Rechenbeispiel: Was kostet ein früherer Ausstieg an Pension?

Ein Beispiel macht den Effekt der Dienstjahre greifbar. Nehmen wir laut obiger Tabelle einen Polizeibeamten der Besoldungsgruppe A11 Endstufe, der nach 30 Dienstjahren in den Ruhestand geht: Der Ruhegehaltssatz liegt bei 53,82 %, die Pension bei ca. 3.020 € brutto monatlich. Wer stattdessen die vollen 40 Dienstjahre durchhält, erreicht den Höchstsatz von 71,75 % und damit ca. 4.026 € brutto monatlich. Die Differenz: 4.026 € − 3.020 € = ca. 1.006 € brutto weniger Pension pro Monat bei zehn Jahren kürzerer Dienstzeit, was einem Unterschied von 17,93 Prozentpunkten beim Ruhegehaltssatz entspricht (71,75 % − 53,82 %). Auf ein Jahr Ruhestand hochgerechnet sind das ca. 12.072 € brutto weniger Versorgung — ein Betrag, der zeigt, warum bei absehbar früherem Laufbahnende zusätzliche private Vorsorge sinnvoll sein kann.

Häufige Fragen zur Altersvorsorge

Ist die Polizei-Pension sicher — auch bei Rentenreformen?

Als Bundesbeamter bist du in der gesetzlichen Rentenversicherung nicht versichert — die Pension ist Teil des Beamtenverhältnisses und wird durch das Landesbesoldungsgesetz geschützt. Eine vollständige Streichung wäre rechtlich extrem schwierig (Eigentumsgarantie). Kürzungen sind theoretisch möglich, aber in der Geschichte selten. Die Pension ist stabiler als die gesetzliche Rente.

Lohnt sich private Altersvorsorge neben der Pension?

Für die meisten Polizeibeamten mit 40 Dienstjahren reicht die Pension (71,75 %) für ein gutes Leben. Wer früher aufhört (Dienstunfähigkeit, freiwilliges Ausscheiden) profitiert von privater Vorsorge. ETF-Sparplan oder Immobilie sind steuerlich effizienter als klassische Rentenversicherungen. Riester lohnt sich nur bei maximalem Kinderzuschlag (3+ Kinder).

Was ist mit dem Pensionsalter 62 — kann ich früher aufhören?

Antragsruhestand ist ab dem 62. Lebensjahr möglich (in einigen Bundesländern auch schon früher nach 40 Dienstjahren).
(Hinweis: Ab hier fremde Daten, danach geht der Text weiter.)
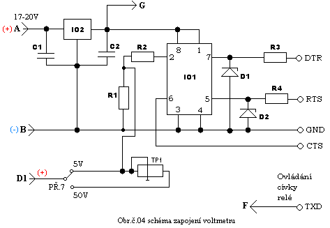 Modul voltmetru je umístěn ve společné krabici nabíječky/vybíječky a je napájen ze společného zdroje nabíječky/vybíječky s počítačem je propojen kabelem na použité vstupy/výstupy sériového portu,je možné modul voltmetru udělat do samostatné krabičky a s nabíječkou/vybíječkou provést propojení pomocí vícežilového kabelu..Voltmetr je tvořen jedním integrovaným obvodem TLC549 jedná se o osmibitový A/D převodník ovládání převodníku zajišťuje počítač výstupy DTR a RTS,výstup DTR je připojen přes rezistor R3 a stabilizační diodu D1 na vstup č.7 CLK IO TLC549.Dioda D1 upravuje vstupní napětí z vývodu DTR na napětí do 5V,rezistor R3 omezuje proud tekoucí diodou D1.Výstup RTS je připojen přes rezistor R4 a stabilizační diodu D2 na vstup č.5 CS IO TLC549,tento vstup přepíná mezi režimy čtení a převodu,rezistor R4 a dioda D2 má stejnou funkci jako rezistor R3 a dioda D1.Měřené napětí je snímáno počítačem na vstupu CTS,vstup kladného referenčního napětí na vývodu č.1 IO TLC549 je spojen vývodem č.8 na napájecí napětí(+5V),záporné referenční napětí na vývodu č.3 IO TLC549 je spojen s vývodem č.4 a připojen na záporné napájecí napětí (-5V),tímto je dána i rozlišovací schopnost IO TLC549 a ta je 0.02V.Převodník je napájen stabilizovaným napětím 5V toto napětí je stabilizováno IO MAA7805.Vstup měřeného napětí na A/D je veden na přepínač kterým se přepínají rozsahy 0 až 5V= a rozsah 0 až 50V=,při rozsahu do 5V je vstupní napětí přivedeno z přepínače na vstup IO č.2 přes rezistory R1 a R2.Při rozsahu 0 až 50V je měřené napětí přivedeno z přepínače rozsahů na trim TP1 a z něho na rezistor R1.Trim TP1 s rezistorem R1 tvoří při rozsahu 0 až 50V napěťový dělič,z tohoto děliče je měřené napětí přivedeno na rezistor R2 a z něho na vstup č.2 IO TLC549.Schéma zapojení voltmetru je na obrázku č.04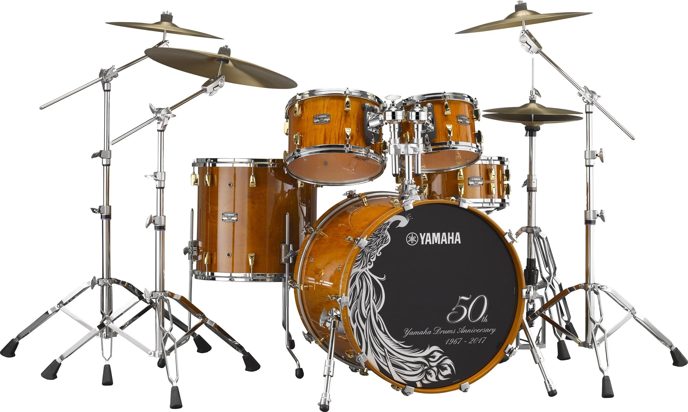 Based on Yamaha's renowned Absolute Hybrid Maple kit, the 50th anniversary model features shells with outer plies made from two varieties of beautiful exotic wood, and gold hook lugs that recall the revered Maple Custom set of yesteryear. Specially processed badges and front heads add to the luxurious feel of this limited release of fifty unique, five-piece kits.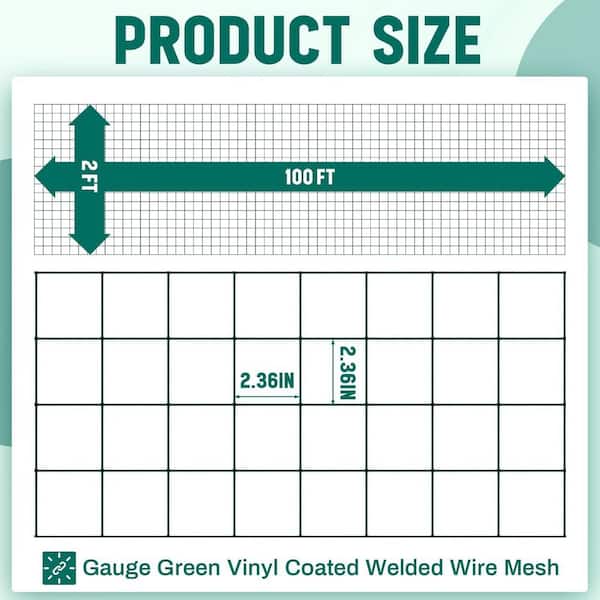 2 ft. PVC Coated Welded Wire Garden Fence Roll 100 ft. 16GA Green for Dog Border Yard Vegetable Protection
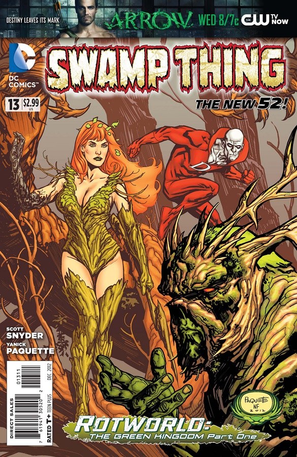 'ROTWORLD: THE GREEN KINGDOM' begins! Swamp Thing learns the truth of how the Earth fell to the Rot as seen in this month's issues of ANIMAL MAN and FRANKENSTEIN: AGENT OF S.H.A.D.E. Guest-starring Poison Ivy, Deadman and The Parliament of Trees!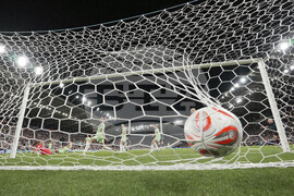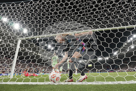 Italy goalkeeper Laura Giuliani fails to save the goal from England's Chloe Kelly during the Women's Euro 2025 semifinals soccer match between England and Italy at Stade de Geneve in Geneva, Switzerland, Tuesday, July 22, 2025. (AP Photo/Martin Meissner)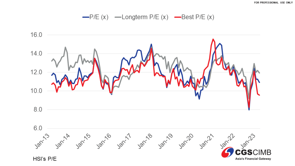 ✅ Hang Seng Index P/E Ratio ลงไปแตะระดับต่ำสุดที่ระดับ 6.7 เท่า ในไตรมาส4/2022 ก่อนจะฟื้นตัวมาอยู่ที่ 9.60 เท่าในปัจจุบัน (ค่าเฉลี่ย 10ปี = 10.19 เท่า และระดับ -1S.D. = 8.30 เท่า)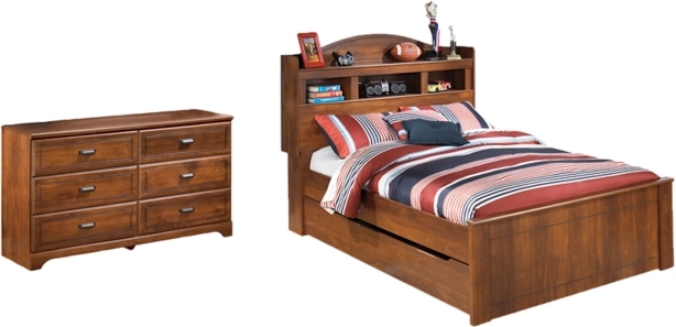 Includes full bed (with bookcase headboard, footboard, rails, slats and trundle storage) and dresser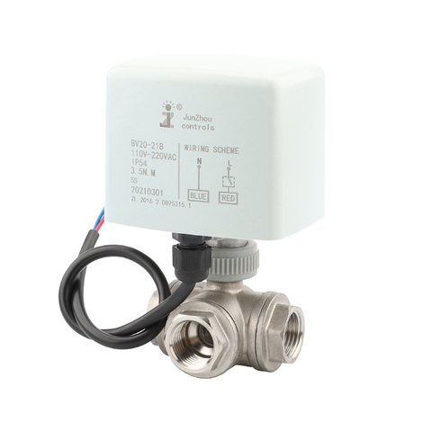 Junzhou Plumbing Fixtures Water Flow Control 3 Way Smart Motorized Valve 220V 24V 12V

Wer vor 62 in Pension geht, muss Abschläge hinnehmen (je nach Modell ca. 0,3 % pro Monat). Bei Dienstunfähigkeit gelten andere Regelungen — dort gibt es keine Pensionsaltersgrenze.

Zählt die Zeit als Polizeianwärter für die Pension mit?

Grundsätzlich ja: Die Ausbildungs- bzw. Anwärterzeit im Beamtenverhältnis gilt als Dienstzeit und wird bei der Berechnung des Ruhegehaltssatzes mitgezählt. Wie sich einzelne Zeiten im Detail auswirken, hängt vom jeweiligen Beamtenversorgungsrecht des Bundes bzw. des Landes ab — im Zweifel gibt die Personalstelle des Dienstherrn verbindlich Auskunft.

Was passiert mit der Pension bei einem Wechsel des Bundeslandes?

Wechselt ein Polizeibeamter während seiner Laufbahn den Dienstherrn, etwa von einem Bundesland zu einem anderen oder zur Bundespolizei, bleiben die bereits geleisteten Dienstjahre in der Regel als ruhegehaltsfähige Dienstzeit erhalten. Details zur Anrechnung und zu eventuellen Übergangsregelungen sollten vor einem Wechsel aber immer konkret mit der neuen Personalstelle geklärt werden, da die Ausgestaltung je nach Bundesland variieren kann.

Wird die Pension bei einer Scheidung geteilt?

Ja. Der während der Ehezeit erworbene Versorgungsanspruch unterliegt grundsätzlich dem Versorgungsausgleich und wird bei einer Scheidung hälftig zwischen den Ehepartnern aufgeteilt. Das kann die spätere Pension spürbar mindern — ein Punkt, der bei der langfristigen Ruhestandsplanung mitgedacht werden sollte, gerade wenn zusätzlich eine private Altersvorsorge aufgebaut wird.